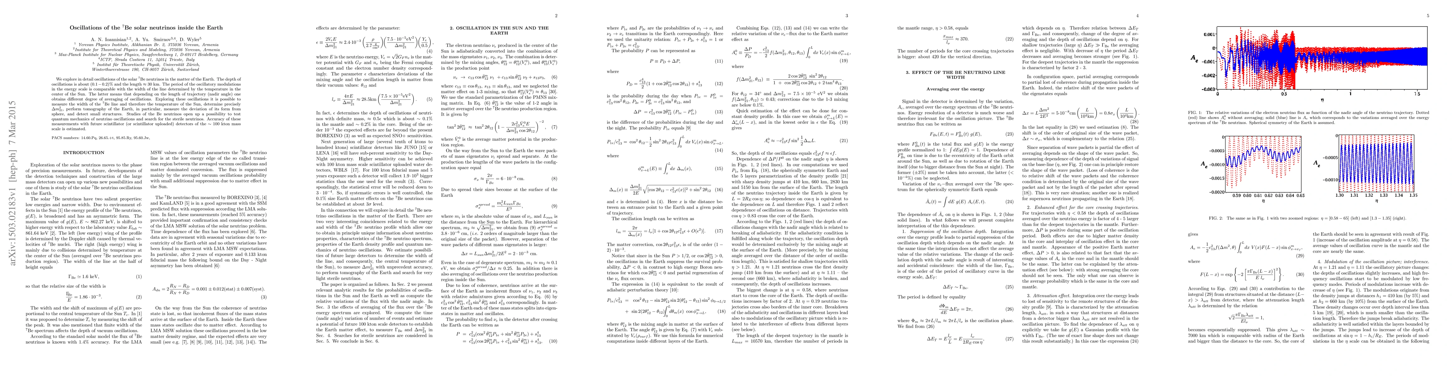 This paper investigates the oscillations of $^7$Be neutrinos from the Sun as they travel through the Earth, revealing a depth of oscillation of about $(0.1 - 0.2)\%$ and a length of $\approx 30$ km. The study suggests that these oscillations could be used to measure the Sun's core temperature, determine $\Delta m^2_{21}$, and perform Earth tomography, while also offering potential tests for quantum mechanics and sterile neutrinos.
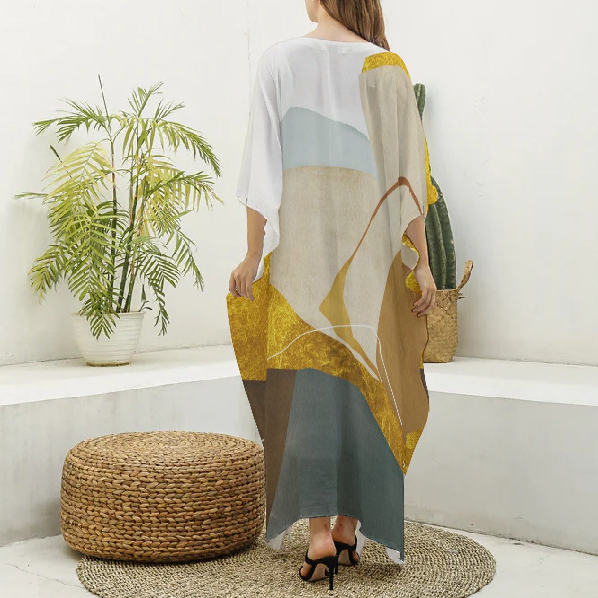 Ptahra B Women's Elegant Imitation Silk V-neck Kaftan Robe
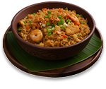 Nasi goreng dengan ayam, udang dan sotong.
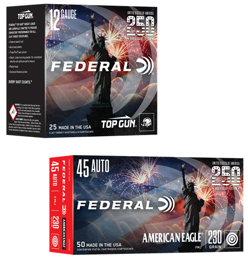 “As our country approaches this historic milestone, we wanted to offer shooters something they can enjoy at the range today while also holding onto as a collectible for years to come,” said Federal’s Vice President of Marketing, Jason Nash. “These America 250th loads deliver trusted Federal performance across our most popular target lines, paired with packaging that honors the American spirit and the next 250 years.”
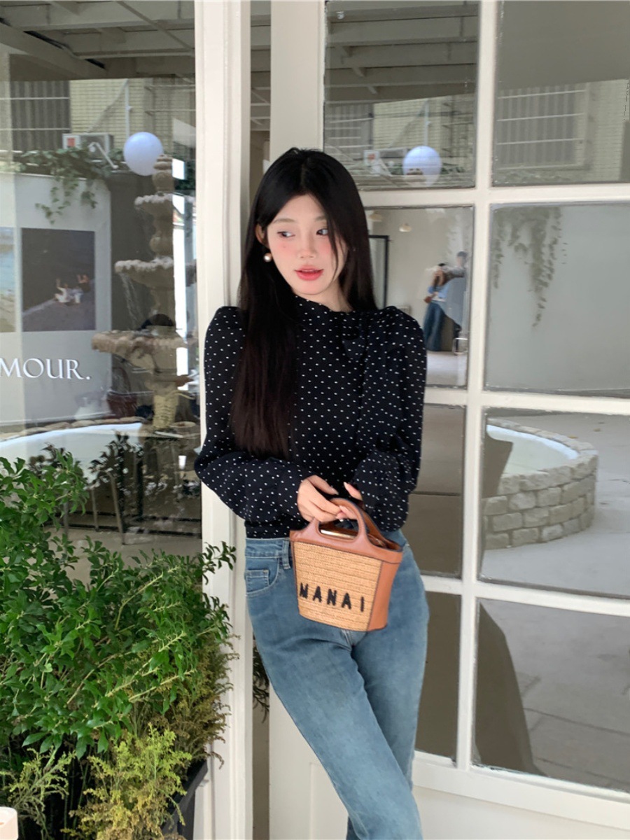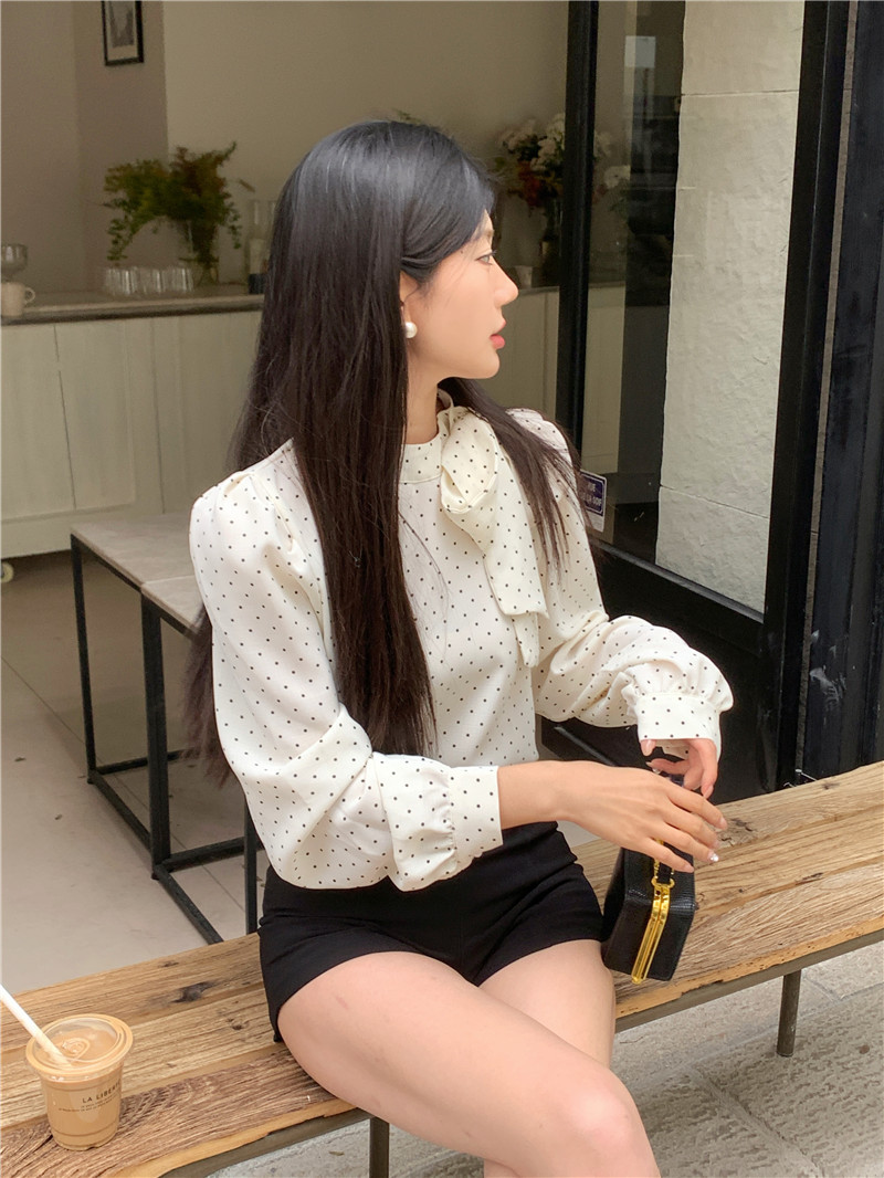 프랑스 스타일 활 타이 업 폴로 닷 셔츠 여성의 봄과 가을 디자인 세련된 캐주얼 퍼프 슬리브 스타일 탑스토어 가기

---+---

### Problem requirements
Reproduce every line above as written, skipping pictures.

### Solved problem
 This paper investigates the oscillations of $^7$Be neutrinos from the Sun as they travel through the Earth, revealing a depth of oscillation of about $(0.1 - 0.2)\%$ and a length of $\approx 30$ km. The study suggests that these oscillations could be used to measure the Sun's core temperature, determine $\Delta m^2_{21}$, and perform Earth tomography, while also offering potential tests for quantum mechanics and sterile neutrinos.
 Ptahra B Women's Elegant Imitation Silk V-neck Kaftan Robe
 Nasi goreng dengan ayam, udang dan sotong.
 “As our country approaches this historic milestone, we wanted to offer shooters something they can enjoy at the range today while also holding onto as a collectible for years to come,” said Federal’s Vice President of Marketing, Jason Nash. “These America 250th loads deliver trusted Federal performance across our most popular target lines, paired with packaging that honors the American spirit and the next 250 years.”
 프랑스 스타일 활 타이 업 폴로 닷 셔츠 여성의 봄과 가을 디자인 세련된 캐주얼 퍼프 슬리브 스타일 탑스토어 가기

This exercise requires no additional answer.